I have to admit that I've never see Buffy:  The Vampire Slayer the movie because I've heard that it wasn't nearly as good as the television series.  I didn't want to be disappointed.  So now I'm confused.  Isn't true that most people, movie critics, audiences really didn't like the movie version that well?


----------



## Tabitha (Nov 16, 2002)

I saw the Buffy movie not long after it came out - I liked it.  In the same way that I really liked Clueless, it was goofy, something a bit different (at the time), and fairly enjoyable.  Give it a watch if you get the chance Tabuno, you might like it more than you expect, just try not to make everything in the film fit with what has subsequently happened in the series.


----------



## angelle myst (Nov 16, 2002)

Forget nearly _everything_ you know about the series when you watch the film, its a spoof, its dorky but its still great fun. If you have the same expectations you have for the series you'll be sadly disappointed cos they're totally different as far as i can remember.

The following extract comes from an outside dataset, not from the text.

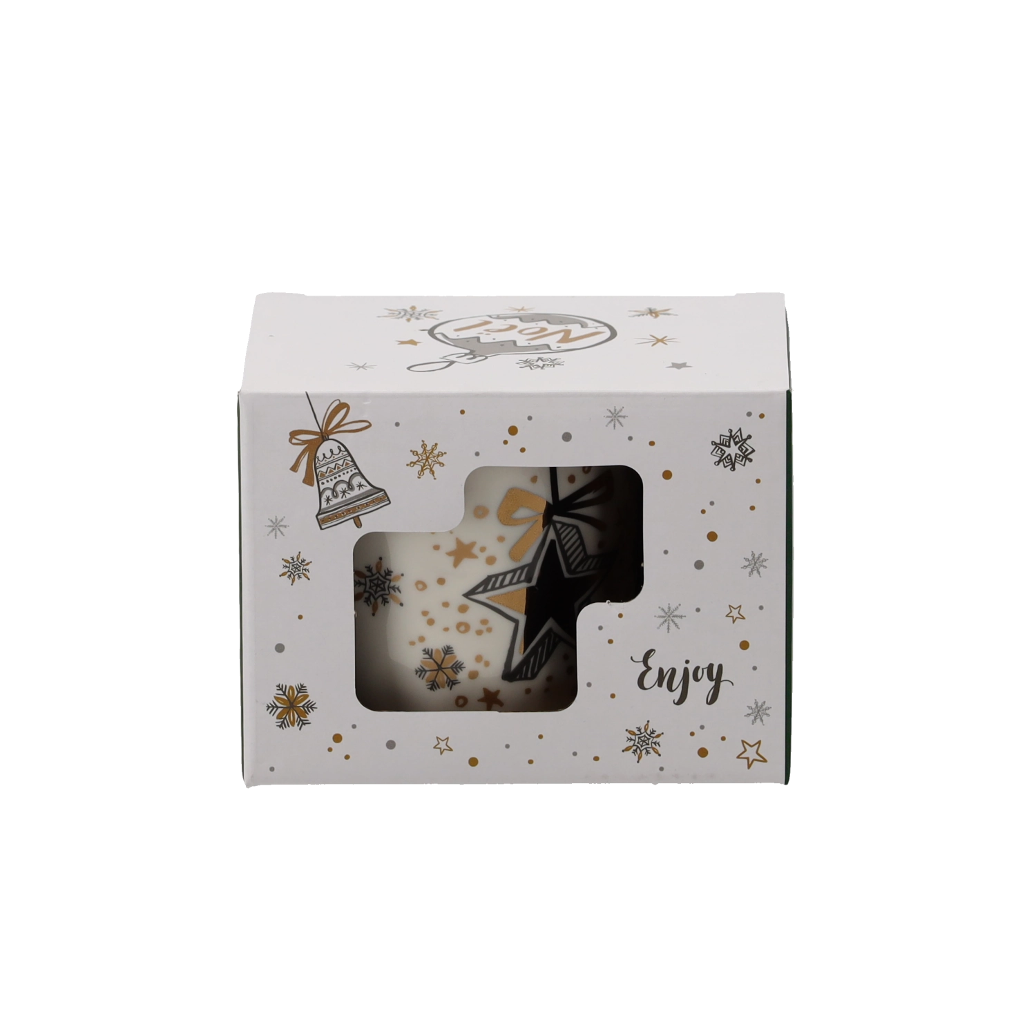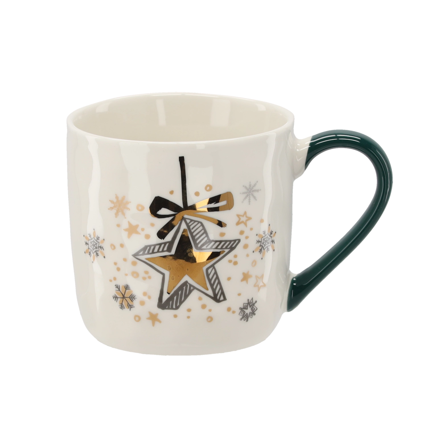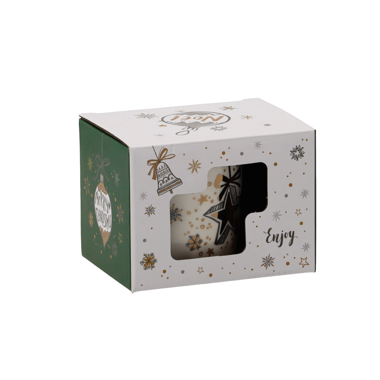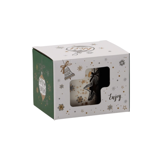 Verwen jezelf of verras je dierbaren met een porseleinen mok in een zachte crèmekleur en feestelijke details in goud, groen en wit. De unieke motieven van sterren, bellen en kerstballen versterken de kerstsfeer en maken van elke warme drank een aangenaam ritueel.
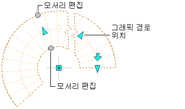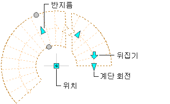 나선식 계단 그래픽 경로 위치 및 모서리 편집 그립

(BTW Tabuno - movie critics rarely like anything )

xxx


----------



## tokyogirl (Nov 17, 2002)

when they went to make the series after the movie, they kept the same basic idea: a teenage girl chosen to be the slayer and fight vampires.  they HAD to ditch the rest of the movie pretty much.  the movie was made in 1992, so  you can imagine the type of humor that was in it.   i mean, where talking about the year wayne's world was one of the top grossing movies of the year.  the movies really fun, and not meant to be taken seriously.  just don't go into it expecting it to be like the series.  once you watch the movie you KNOW why they had to change a lot about the characters and their personalities before they  made it a show.  it would have been like having cordelia (high school version) as the slayer.


----------



## angelle myst (Nov 17, 2002)

Hehe, Cordy The Vampire Slayer. Although, on the actual show they do show us that Buffy _was_ a cheerleader and Cordy-esque character, just like in the movie - they did keep that in.

xxx


----------



## tokyogirl (Nov 19, 2002)

yeah but could you imagine the whole show being like that?...


----------



## angelle myst (Nov 19, 2002)

No way lol, but it might be fun for one ep, like y'know, role-reversal  ohh fic idea, lol 

xxx


----------



## tokyogirl (Nov 21, 2002)

:rolly2: 

ok, trying to get more back to the topic here.  i still haven't seen queen of the damned.  anyone know if it's any good?  i saw Aaliyah's other movie and she was amazing so i really want to see this one too.  there's just too many things i need to rent @ blockbuster:errrr:


----------



## Krystal (Nov 22, 2002)

> _Originally posted by tokyogirl _
> * i still haven't seen queen of the damned.  anyone know if it's any good? *



I see it recently, personally it wasn't one of my favorites but maybe is because after read the books I was expecting too much. I don't know.  But I think you should see it, although I continue to prefer Interview with The Vampire I have a good time watching QOD. It have its good moments.  So you should try it. 

Krystal


----------



## tokyogirl (Dec 5, 2002)

k, so next time i go rent i gotta get queen of the damned, spirit, and scream 3 for my roommate....


----------



## Tabitha (Dec 6, 2002)

I finally rented Queen of the Damned over the weekend, and I was terribly disappointed.  It seemed like half of a good movie, with nice visuals and an atmosphere that felt exactly the same as the books, but the story had been so ripped to shreds it was unrecognisable, and not accessible at all to someone new to the story.  The only reason I had a clue what was going on was because I have read and re-read the books again and again.  My flatmate was very confused....


----------



## tokyogirl (Dec 6, 2002)

hmmm, then i wonder how well i'll do without having read the books.....


----------



## Tabitha (Dec 6, 2002)

it could just be that my flatmate is easily confused 

QotD has very very little in common with Interview with the Vampire.  The character Armand, played by Antonio Banderas in the first movie, is in this one too - but you won't recognise any similarity, trust me.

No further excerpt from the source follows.